I agree with the other posters in saying that he is probably not gay and has probably just had either some simple experimentation or the not so simple abuse in his life. 2 months of dating is too soon to be seriously considering marriage, however. You two should spend more time getting to know each other and consider going to counseling together. Since you attend church together, maybe your pastor/priest can suggest someone. If after time you decide to go ahead and get engaged, some serious premarital counseling is a good idea too. Most churches now even require that before they will marry you. Again, your pastor is a good person to talk to about that.

Last absolutely DO NOT search his house!!! That is silly and immature. If you get caught (or even if you don't get caught), the trust between you two is shot and you could probably forget marriage. He trusted you enough to tell you this, don't blow it by sneaking around looking through his things. Trust him that he will open up to you and be honest with you about everything. If you want to marry this guy someday, your best approach is to just work together to overcome this.

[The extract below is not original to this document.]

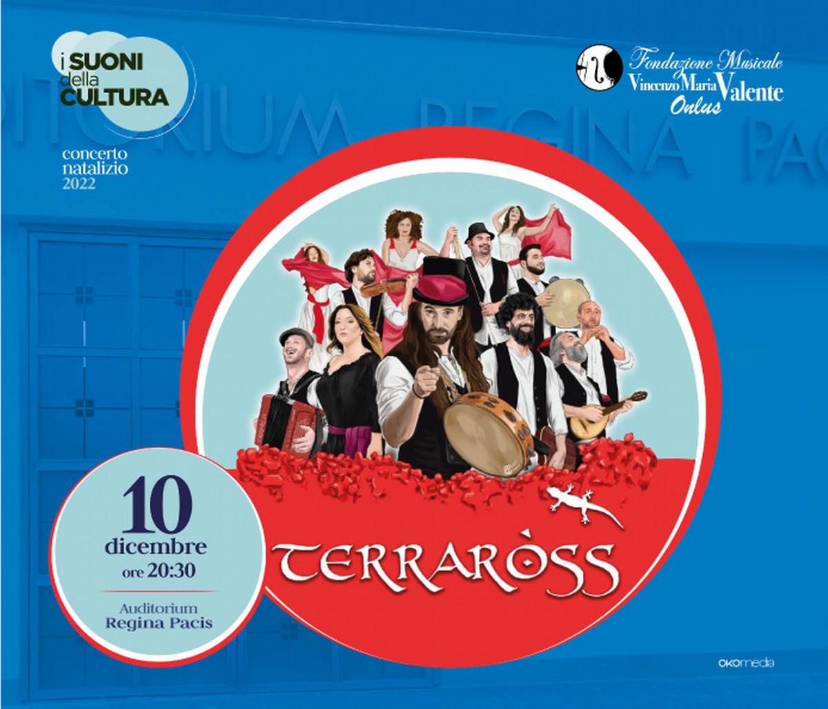 È una vera chicca il prossimo evento della Fondazione Valente di Molfetta: il 10 dicembre, infatti, nell'Auditorium Regina Pacis di Molfetta, alle ore 20.30, si esibirà il gruppo "Terraròss" e risuoneranno le note inconfondibili della tarantella nostrana portata in tutto il mondo dai suonatori e menestrelli della Bassa Murgia.

131.gif image by y_baros th5K.gif image by jade_simo

iVillage Member
Registered: 03-26-2003
Wed, 08-11-2004 - 11:09am
I think you absolutely would appreciate the movie _Chasing Amy_ right now. I just saw it this last weekend and your story reminded me of its themes.

I think that it's WAY TOO EARLY to be thinking of marriage right now. The chances of you getting married in your 20s and staying married are 40%. So yes, you're more likely to end up divorced from this guy than you are to stay married. And for the reasons? Who knows? Not getting to know each other before you married, not giving yourself enough time to grow up and know yourself before attempting to build a life with someone else? NOt having enough money, being stressed out all the time, losing jobs, not having good child care...I mean these things would be more paramount in my mind than his leaving the marriage for a man. Infidelity is so common. Would it be worse for you if he left for a man?? Two months into the relationship and you're already worried that he's going to cheat. That tells me that you don't know enough about this guy to even begin thinking about being exclusive with him, forget about marriage. I would be asking him about his marriage, what did he learn out of that experience and how is the future going to be different?